Part 1 in a series on how to prepare for an interview.
Have you ever run a race? If you just put on your shoes and went for it, chances are it did not go well. Whether it’s a 100-meter dash or a marathon, to be successful you must train and prepare. Interviewing for a new job is no different – you can begin training long before your first interview is ever scheduled. Interviewing is a perishable skill – just because you aced an interview years ago, you cannot bring your best this time around without getting back in shape.

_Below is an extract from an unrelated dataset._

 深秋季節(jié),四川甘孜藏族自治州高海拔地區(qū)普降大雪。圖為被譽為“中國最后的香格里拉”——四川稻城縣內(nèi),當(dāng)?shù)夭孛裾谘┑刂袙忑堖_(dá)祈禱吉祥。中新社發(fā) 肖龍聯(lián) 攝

If you are hitting the interviewing trail soon, here are three steps you can take to start getting ready for what lies ahead:
Look your best. For both men and women, have an interview suit prepped and ready to go. Make sure it fits well. If your best suit was 20 pounds ago, consider getting a new one – if you are uncomfortable in your clothes, it will show in your interview. Even if your clothes fit like they did back in 1988, consider updating. If you come rolling in looking like Gordon Gecko in Wall Street (or Melanie Griffith in Working Girl) you will look dated. Speaking of which, if you are of a certain age, consider updating your hair style, accessories, or cosmetics as well (within reason – stay true to yourself). If you are just starting your career, the same rule applies – get a conservative business suit that tells people you are a professional. Get a fresh haircut, shave or at least trim your beard. Details matter – wrinkled clothes or unshined shoes tell an interviewer the wrong message. Don’t wait until the morning of the interview to find your clothes don’t fit anymore or there is a nacho cheese stain on your suit from your cousin Becky’s wedding last year. Walking into the interview looking like a million bucks will boost your confidence and help you perform better on the interview.

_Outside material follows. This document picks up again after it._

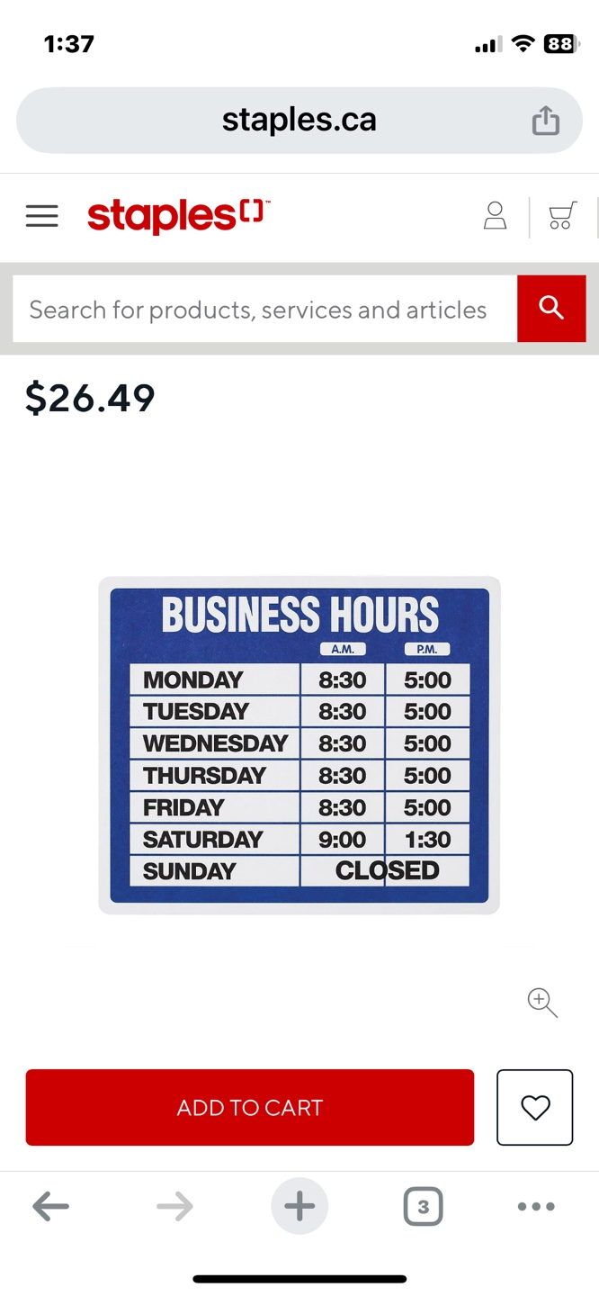 1 / 31 / 3Buy & SellNew in package-Business Hours Sign KitNew in package-Business Hours Sign Kit$10Static cling business hours sign. Includes numbers. Reusable. For use on windows. Measures 9" x 10.75". New in package.ConditionNewDimensions9”x10.75”WHERE TO MEETOriole dr niagara fallsView MapSELLERverifiedsuMulhern45739 reviews1 chats·0 favorites·19 viewsSEND CHAT TO SELLERHi su! I’m interested in your listing.Hi su! I’m interested in your listing.Get the Karrot app to chatSign In to chat

Your papers, please. Start polishing your resume or versions of your resume. If an interview for a dream job pops up unexpectedly (because someone like me calls you out of the blue) you won’t have to scramble to update your resume. Instead, use the time to prepare for the interview. Line up 360-degree references – ask 2-3 managers, peers, and subordinates if they’d consider being a professional (and discrete) reference at some point during your job search. Get the best email and phone number to use. Sometimes applications and background checks will ask for addresses for the past 10 years or more. If you’ve moved a lot, tracking all that down is easier ahead of time than when you are at the interview and handed an application. Pro-tip: Your credit report will have your previous addresses if you cannot recall them all. If they do employment verification, you will be asked to provide a phone number for the HR department of any previous employers. Type up lists of references, former addresses, and company HR numbers to take with you to the interview if you are asked for them.

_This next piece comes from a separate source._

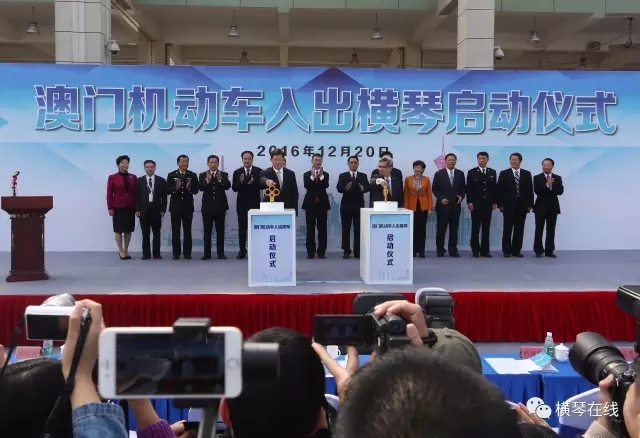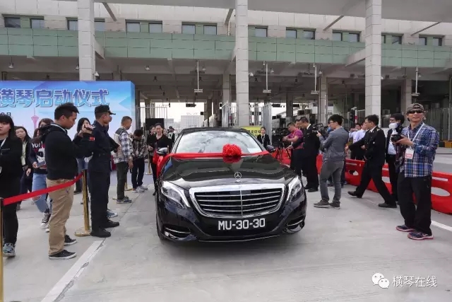 20日上午11時,啟動儀式在橫琴口岸舉行。珠海市委副書記、市長鄭人豪與澳門特別行政區(qū)保安司司長黃少澤一同啟動金鑰匙,隨后9輛澳門單牌車順利進入橫琴。

Practice Makes Perfect. If a teacher told you ahead of time seven of the ten questions that would be on the final, you’d be in idiot if you did not get those questions right. Interviewers are not that creative – chances are you will be asked the same questions in most interviews. You can practice your answers ahead of time. There more books on answering interview questions well than there are possible interview questions. Buy a few or get some from the library. Watch YouTube videos. Make flash cards. Have friends or family members quiz you. Do practice interviews with someone who can give you honest feedback. Record your answers and listen to them for both flow and time length. You are aiming for polished, not rehearsed.
Nine times out of ten, the job goes to the candidate who is most prepared for the interview, not necessarily the most qualified. You can control how prepared you are. The goal is to never waste an interview as a warm-up. Prepare well, and you will put yourself in the position of deciding if you want to accept an offer.